Let's stop and ask a few questions about religion and that Republican romp

Richard Ostling

NOTE FROM THE EDITOR: If you were working on the religion beat these days, especially if you were still new on the beat, wouldn't you welcome advice from someone who had excelled at this work at the highest levels for decades?

I recently had a long talk in New York City with Richard Ostling -- by all means review his bio here -- to ask if, along with his Religion Guy Q&A pieces, he would experiment with memos in which he offered his observations on what was happening, or what might happen, with stories and trends on the beat. He said he might broaden that, from time to time, with observations on writing about religion -- period.

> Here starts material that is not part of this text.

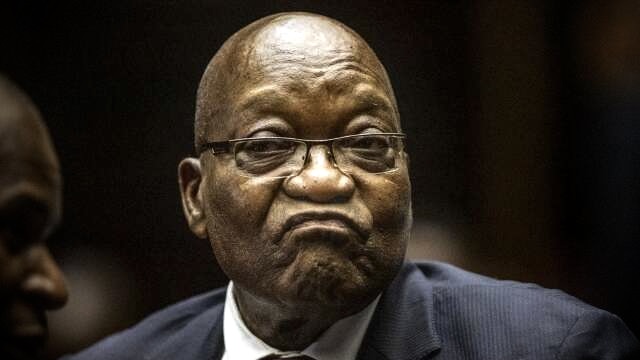 (FILES) In this file photo taken on October 15, 2019 South Africa's embattled former president Jacob Zuma (C) in the Pietermaritzburg High Court where he is appearing on corruption charges, in what would be the first time he faces trial for graft despite multiple accusations, in Pietermaritzburg. - Former South African President Jacob Zuma, was summoned on February 4, 2020 before the High Court in Pietermaritzburg for a preliminary hearing in his trial in an arms contract case. He did not show up, calling in sick. (Photo by Michele Spatari / POOL / AFP)

To which I said, "Amen." -- tmatt


Grumble  if you wish, but in this era of perpetual political campaigns it’s nearly time for the usual news media blitz assessing evangelical Protestants’ presidential feelings about the Republicans’ notably God-fearing 2016 list of candidates.

That would be: Catholics Christie and Ryan and Santorum, Catholic-turned-Anglican Kasich, Episcopalian-turned-Catholic Bush, Hindu-turned-Catholic Jindal, Mormon Romney, Mormon-turned-Bapti-Catholic Rubio, Baptists Cruz and Huckabee and Thune, evangelical independents Pence and Perry and Walker, Presbyterian Paul, Adventist Carson, and perhaps others.

Meanwhile, we have 2014 and those Republican Senate, House, and governor victories and remarkable control over 68 of the nation’s 99 state legislative chambers. This gives the allegedly Grand and certainly Old Party the kind of clout it last enjoyed when F.D.R. was puffing Camels in Albany. Of course this could be reversed in 2016 because the public distrusts both political parties.

Didn’t you find surprising  the scant media attention to religious factors before and after the  Republican romp?  

We’ve heard about the “religious right” pretty much non-stop since 1979, but what role did they play in 2014? And, important for newsies, what’s their impact going forward?  That’s an obvious theme for careful exploration as the new Congress and state governments take shape.

One attempt at this ran just before Election Day in Britain’s liberal The Guardian.

Headline:  “Godless Millennials Could End the Power of the Religious Right.” Adam Lee was hopeful because “America is becoming less Christian. In every region of the country, in every Christian denomination, membership is either stagnant or declining.” However, “no one is forecasting the total extinction” of the religious right.” (What?!) But no longer can religious conservatives expect to “be obeyed without question” (What?!). “For progressives, the eroding power of the churches is a most welcome development” (What?! Are there no churches and churchgoers allied with his progressive side?).

Reuters, however, figured “white Protestants” are losing power (nobody expects the Democrats will lose their lopsided backing from black Protestants) but predicted  “Christian conservatives will probably vote in greater numbers” than others and exercise “an outsized say” in the outcome. That scenario got a post-election amen from Ralph Reed of the Faith & Freedom Coalition, who claimed a hefty turnout by conservative Christians handed the GOP its Senate majority.

Is that true? What do Republican and Democratic pros think, and how does this affect future strategy? Did Republicans downplay those pesky “social issues” this round, and did other factors energize evangelicals like they did voters in general?

Despite the big party shift, exit polling showed religious patterns in U.S. House voting were mostly the same old, according to the go-to guys at the Pew Research Center, who compared 2014 with the 2010 midterms.  For instance white evangelicals (26 percent of the 2014 electorate) and white Catholics (19 percent of the electorate) gave virtually the same support to Republicans both years, 78 percent and 60 percent respectively in 2014. In the increasingly important Democratic bloc of Americans with no religious affiliation (12 percent of voters), party loyalty also held steady this year at 69 percent.  

As before, Republicans could count on voters who attend religious services weekly, and Democrats on those who never worship.  Why has this big piety gap -- the so-called "pew gap" -- between the two parties emerged, and is it permanent?